# Serious hairball problem/not eating



## pounceonjupiter (Jan 13, 2008)

My 3 year old shorthair cat has stopped eating, and is dry-hacking. Is this situation what hairball remedies sold at pet stores are for? (If my memory serves correctly - I remember that being a common item at stores.) This has been going on for a few days - I thought it would pass, but then realized - of course - the problem must be a hairball.

By the way, messages saying that OTC medicines and etc aren't safe or helpful will not be helpful at all. If that's what you have to say, please don't contribute to this thread.


----------



## doodlebug (May 13, 2006)

If your cat hasn't eaten in a few days, I'd lay odds that you don't have a hairball problem on your hands. You have a serious issue that needs immediate vet attention. In addition to whatever is causing him/her to not eat and hack, not eating also puts him at risk of hepatic lipidosis...particularly if he is over weight. 

For future reference, any hairball remedy is fine, they're just flavored petroleum jelly. You can even try plain ole Vaseline. 



pounceonjupiter said:


> By the way, messages saying that OTC medicines and etc aren't safe or helpful will not be helpful at all. If that's what you have to say, please don't contribute to this thread.


The statements about OTC products does not apply to hairball remedies, but does to other products such as flea treatments. Members would be remiss if they did not share this information. And most would feel awful if something happened to your cat from using one of these products.


----------



## pounceonjupiter (Jan 13, 2008)

Appearently hepatic lipidosis will occur after atleast 2 weeks of no eating, thankfully this hasn't persisted for that long.

I am really lead to believe from his hacking with nothing coming up, that it's indeed a bad hairball causing this. From what I've read about hairballs, not being able to spit one up can lead to lack of appetite and lethargy. I can't wait to have my old cat back.

I ask around at a few pet stores about his condition, and then go with a hairball remedy. I'm so worried about him. If it turns out that that's no help, then without a doubt he'll have a visit to the vet..

I should have realized this was the problem days ago. I feel horrible.


----------



## pounceonjupiter (Jan 13, 2008)

I forgot to say - thank you for your response.


----------



## Stryker (Apr 2, 2007)

pounceonjupiter said:


> Appearently hepatic lipidosis will occur after atleast 2 weeks of no eating...

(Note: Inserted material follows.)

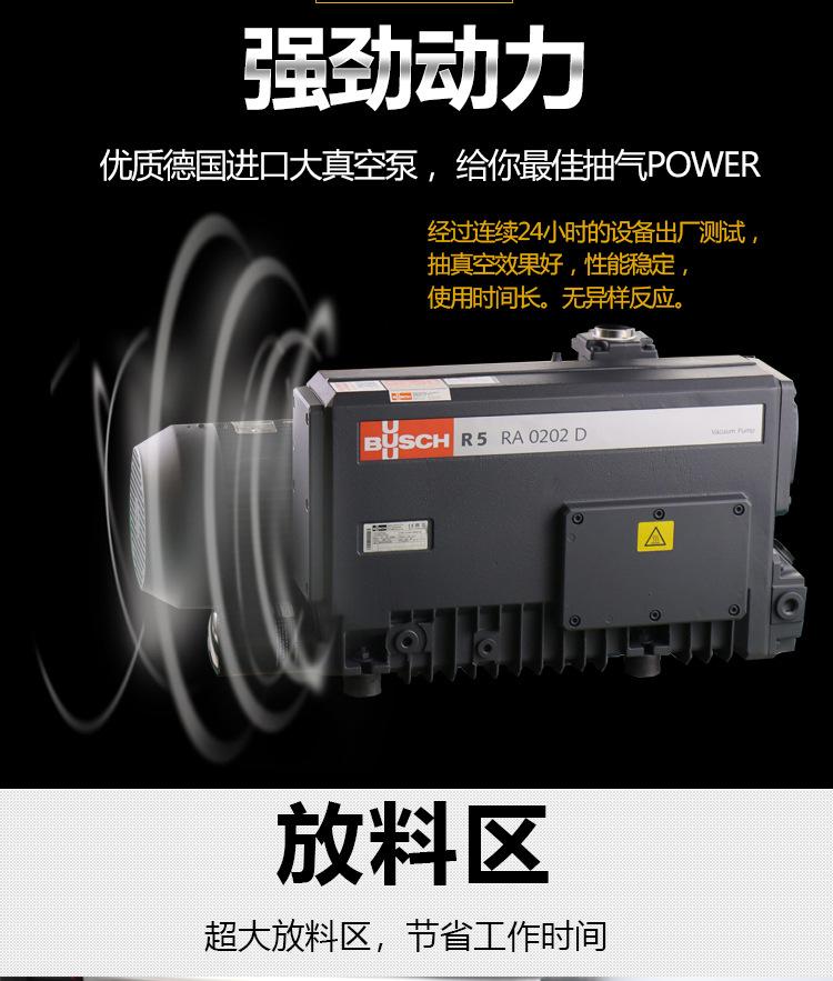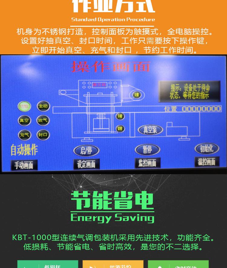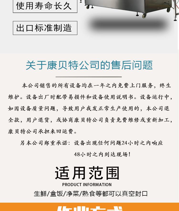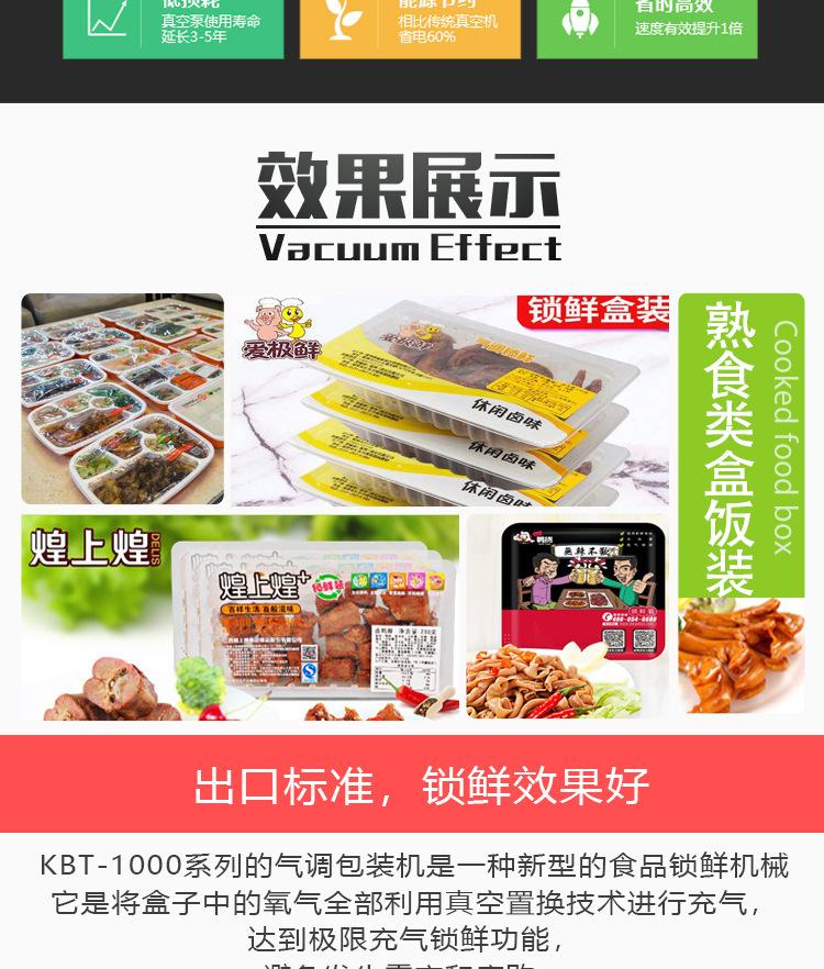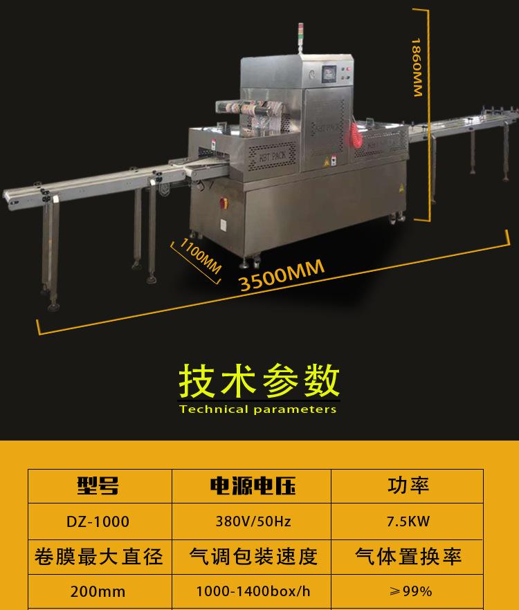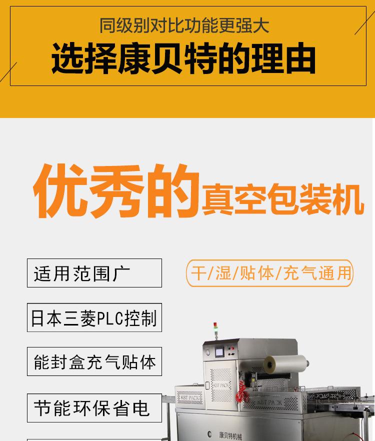 Primeiro, coloque o produto na bandeja e, em seguida, coloque a bandeja na área de descarga do equipamento. A bandeja entra no molde de vedação conforme a corrente avança. O molde sobe e o filme superior é preso à bandeja no molde de vedação. Primeiro, aspire (de acordo com os requisitos de embalagem do produto do usuário, nitrogênio ou gás misto podem ser lavados para embalagem com base na aspiração), sele (o filme superior e a bandeja são selados juntos), perfure e corte e, finalmente, esgote e abaixe o molde. O produto embalado continua a avançar com a corrente e é descarregado da porta de descarga.

Where, on earth, did you learn that???



> ...I am really lead to believe from his hacking with nothing coming up, that it's indeed a bad hairball causing this...


and, who lead you to believe that???

*pounceonjupiter*-
I'm really concerned that your cat is not benefiting from very wise counsel. And, pet stores are not, in many of our opinions, the best place to seek Veterinary advice.

I don't get the sense that your cat is new to you...so, if this problem suddenly appears out of nowhere (which seems to be the case) - and - if it were my cat, I would be very worried. Cats who have difficulties with hairballs demonstrate this difficulty early on in life...NOT ALL OF A SUDDEN. That would start alarm bells ringing for me.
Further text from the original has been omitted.